Return the whole listing, line for line, without the pictures in it.

=== GIVEN INFORMATION ===
────

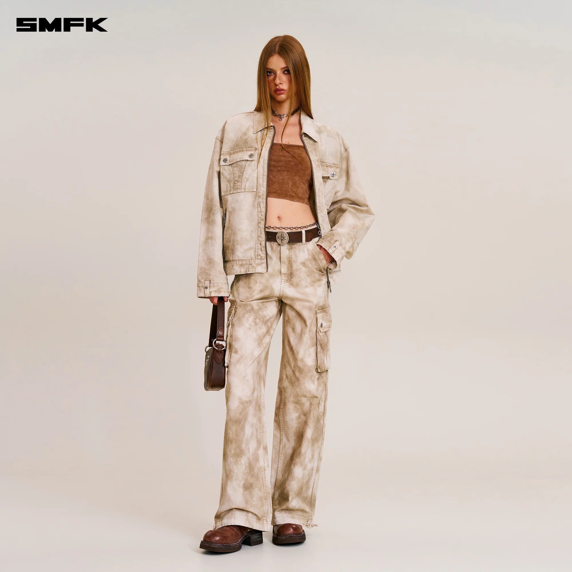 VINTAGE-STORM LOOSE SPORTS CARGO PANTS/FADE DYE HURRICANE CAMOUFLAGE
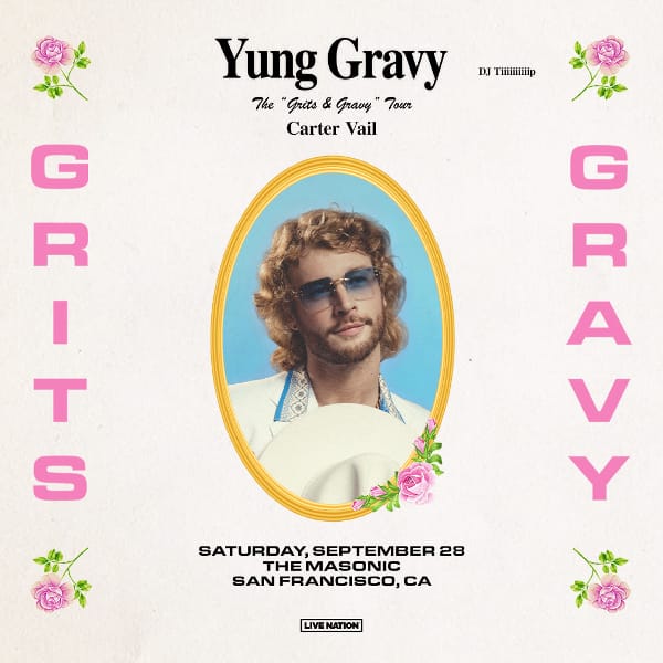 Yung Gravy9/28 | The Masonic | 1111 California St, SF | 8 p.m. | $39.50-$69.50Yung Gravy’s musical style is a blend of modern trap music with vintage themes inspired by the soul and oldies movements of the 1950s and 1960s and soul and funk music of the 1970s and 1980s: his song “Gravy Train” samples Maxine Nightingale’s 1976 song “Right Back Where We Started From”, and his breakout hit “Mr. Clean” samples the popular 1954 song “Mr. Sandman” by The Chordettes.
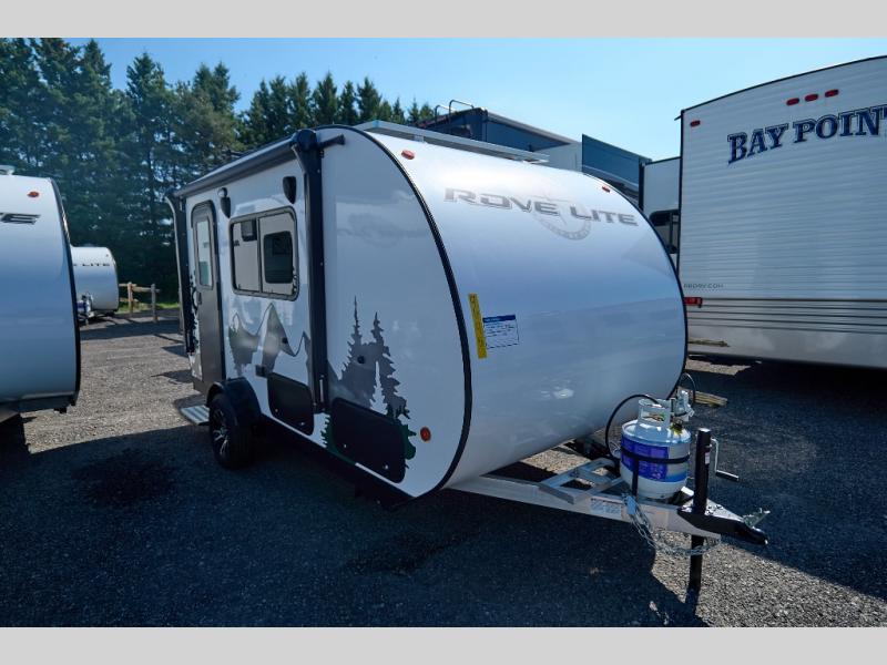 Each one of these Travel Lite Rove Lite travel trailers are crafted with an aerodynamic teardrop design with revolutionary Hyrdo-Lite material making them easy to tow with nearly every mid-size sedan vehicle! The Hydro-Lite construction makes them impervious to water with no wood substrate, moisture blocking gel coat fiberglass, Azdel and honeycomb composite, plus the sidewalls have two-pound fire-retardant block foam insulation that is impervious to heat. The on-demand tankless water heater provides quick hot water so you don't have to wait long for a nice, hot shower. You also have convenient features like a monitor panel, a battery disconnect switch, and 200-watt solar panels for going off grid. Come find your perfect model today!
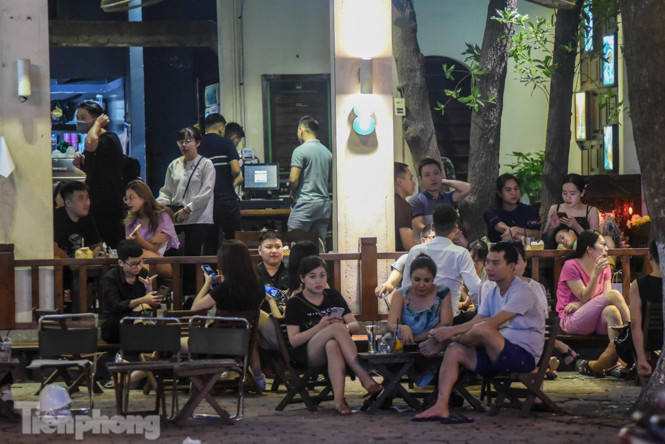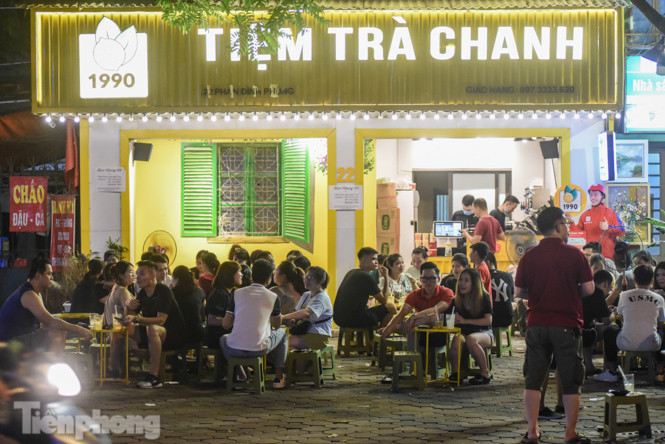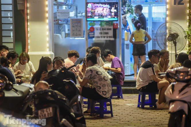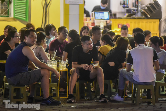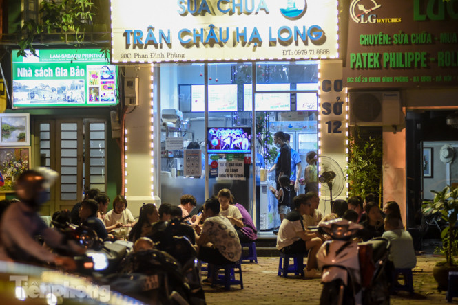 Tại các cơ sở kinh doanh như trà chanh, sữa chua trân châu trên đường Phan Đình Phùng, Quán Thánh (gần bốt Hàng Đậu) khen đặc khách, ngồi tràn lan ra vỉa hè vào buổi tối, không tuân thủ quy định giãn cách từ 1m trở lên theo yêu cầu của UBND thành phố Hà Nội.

────

=== RESULT OF THE EXERCISE ===
 VINTAGE-STORM LOOSE SPORTS CARGO PANTS/FADE DYE HURRICANE CAMOUFLAGE
 Yung Gravy9/28 | The Masonic | 1111 California St, SF | 8 p.m. | $39.50-$69.50Yung Gravy’s musical style is a blend of modern trap music with vintage themes inspired by the soul and oldies movements of the 1950s and 1960s and soul and funk music of the 1970s and 1980s: his song “Gravy Train” samples Maxine Nightingale’s 1976 song “Right Back Where We Started From”, and his breakout hit “Mr. Clean” samples the popular 1954 song “Mr. Sandman” by The Chordettes.
 Each one of these Travel Lite Rove Lite travel trailers are crafted with an aerodynamic teardrop design with revolutionary Hyrdo-Lite material making them easy to tow with nearly every mid-size sedan vehicle! The Hydro-Lite construction makes them impervious to water with no wood substrate, moisture blocking gel coat fiberglass, Azdel and honeycomb composite, plus the sidewalls have two-pound fire-retardant block foam insulation that is impervious to heat. The on-demand tankless water heater provides quick hot water so you don't have to wait long for a nice, hot shower. You also have convenient features like a monitor panel, a battery disconnect switch, and 200-watt solar panels for going off grid. Come find your perfect model today!
 Tại các cơ sở kinh doanh như trà chanh, sữa chua trân châu trên đường Phan Đình Phùng, Quán Thánh (gần bốt Hàng Đậu) khen đặc khách, ngồi tràn lan ra vỉa hè vào buổi tối, không tuân thủ quy định giãn cách từ 1m trở lên theo yêu cầu của UBND thành phố Hà Nội.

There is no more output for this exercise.